## Create initial dataset

This notebook splits the tiles data into train and test set based on a year configuration. It also filters the tiles w.r.t the *non-nan* and *fire* pixel percentage they contain. Then, there is an option to sample tiles for train set, maintaining a specific class ratio (by keeping all *fire* tiles and an additional number of *no-fire* tiles). Finally, it saves the resulting train and test dataframes to disk to be used for semantic segmentation experiments.

***

Import packages

In [1]:
import pathlib

import numpy as np
import pandas as pd

Define a dataset configuration

In [2]:
cfg = {
    "ds_version": "dataset_v1",  # Name of dataset version to keep track of its configuration
    "ds_csv": "final_dataset_alltiles_ts32.csv",  # Name of the dataset csv being processed
    "test_years": [2019],  # List of years to be used for testing
    "train_months": [],  # Months to keep for train tiles, [] to keep all
    "test_months": ["06", "07", "08", "09"],  # Months to keeo for test tiles, [] to keep all
    # The following keeps a tile iff it contains at least 1px of land, fire pct is irrelevant.
    "train_non_nan_thr": 0.0,  # Minimum required non-nan pixel percentage for a train tile to keep
    "train_fire_thr": -1.0,  # Minimum required fire pixel percentage for a train tile to keep
    "test_non_nan_thr": 0.0,  # Minimum required non-nan pixel percentage for a test tile to keep
    "test_fire_thr": -1.0,  # Minimum required fire pixel percentage for a test tile to keep
    "non_fire_ratio": 2,  # The ratio of non-fire tiles over the fire ones to sample for the train set
    "random_state": 42,
    "tile_size": 32,
}

Load dataset and split it to train and test based on a year

In [3]:
dataset = pd.read_csv(cfg["ds_csv"])

train_df_ = dataset[dataset["year"] < np.min(cfg["test_years"])].reset_index(
    drop=True)
test_df = dataset[dataset["year"].isin(cfg["test_years"])].reset_index(
    drop=True)

train_df_.shape, test_df.shape

((2505750, 6), (245435, 6))

Filter tiles based on `months` args

In [4]:
train_df_["month"] = train_df_["date"].apply(lambda x: str(x)[4:6])
if cfg["train_months"]:
    train_df_ = train_df_[train_df_["month"].isin(cfg["train_months"])
                         ].reset_index(drop=True)

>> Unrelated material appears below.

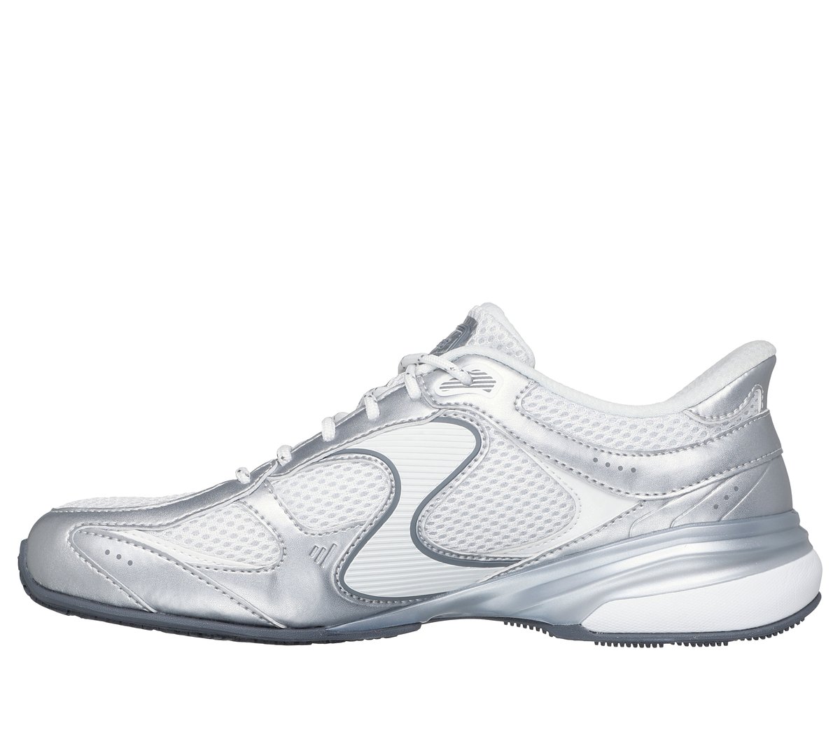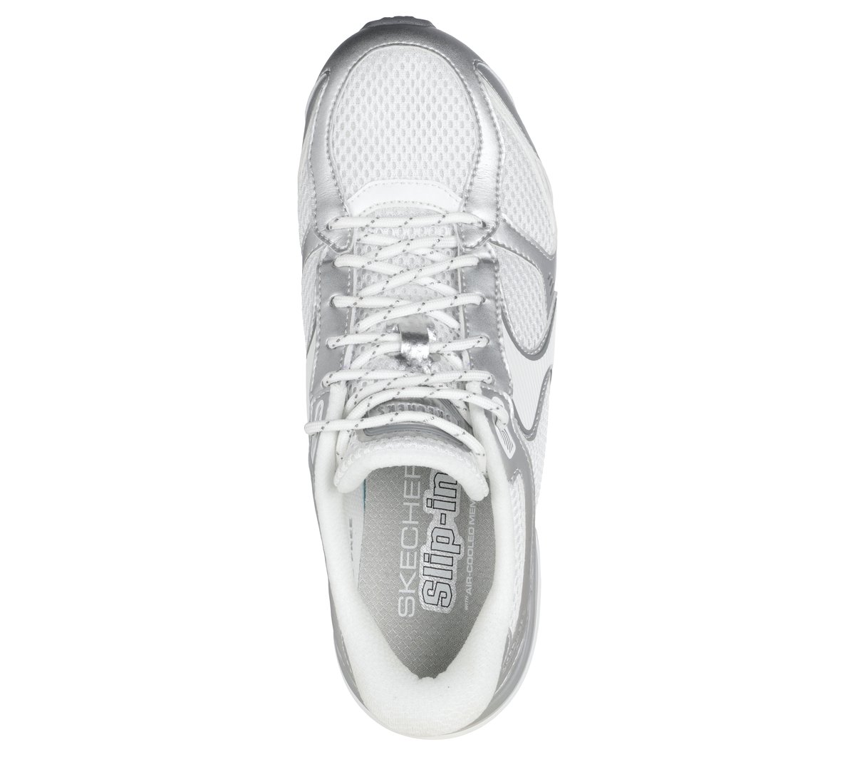 Step into sporty style and effortless comfort with Skechers Hands Free Slip-ins®: Exhilarate – Metallic Dreams. Designed with our Heel Pillow®, this slip-on design features a mesh upper with metallic synthetic overlays, adjustable laces, and a Skechers Air-Cooled Memory Foam® insole.

test_df["month"] = test_df["date"].apply(lambda x: str(x)[4:6])
if cfg["test_months"]:
    test_df = test_df[test_df["month"].isin(cfg["test_months"])].reset_index(
        drop=True)

train_df_.shape, test_df.shape

((2505750, 7), (155485, 7))

Filter tiles based on `non_nan_thr` and `fire_thr` args

In [5]:
train_df_ = train_df_[(train_df_["non_nan_pct"] > cfg["train_non_nan_thr"]) & (
    train_df_["fire_pct"] > cfg["train_fire_thr"])].reset_index(drop=True)
test_df = test_df[(test_df["non_nan_pct"] > cfg["test_non_nan_thr"]) & (test_df[
    "fire_pct"] > cfg["test_fire_thr"])].reset_index(drop=True)

train_df_.shape, test_df.shape

((2505750, 7), (155485, 7))

Sample train dataset's tile instances w.r.t fire and non-fire ratio. Keep all fire tiles (N) plus (`non_fire_ratio`\*N) of random additional non-fire tiles

In [6]:
train_fire_df = train_df_[train_df_["fire_pct"] > 0.0].reset_index(drop=True)
train_non_fire_df = train_df_[train_df_["fire_pct"] == 0.0].reset_index(
    drop=True)

train_df = pd.concat([train_fire_df, train_non_fire_df.sample(
    n=cfg["non_fire_ratio"]*len(train_fire_df), replace=False,
    random_state=cfg["random_state"]).reset_index(drop=True)]).reset_index(
    drop=True)

train_df = train_df.sample(frac=1, random_state=cfg["random_state"]
                          ).reset_index(drop=True)

train_df.shape

(3342, 7)

Save train and test dataframes to csv

In [7]:
output_dir = pathlib.Path(cfg["ds_version"])
if not output_dir.is_dir():
    output_dir.mkdir()
    pd.DataFrame.from_dict(cfg, orient='index').to_csv(pathlib.Path(
        output_dir, "config.csv"))

    train_df.to_csv(pathlib.Path(output_dir, "train_tiles.csv"), index=False)
    test_df.to_csv(pathlib.Path(output_dir, "test_tiles.csv"), index=False)

    print(f"Dataset directory {output_dir} created.")
else:
    print(f"Dataset directory {output_dir} already exists.")

Dataset directory dataset_v1 created.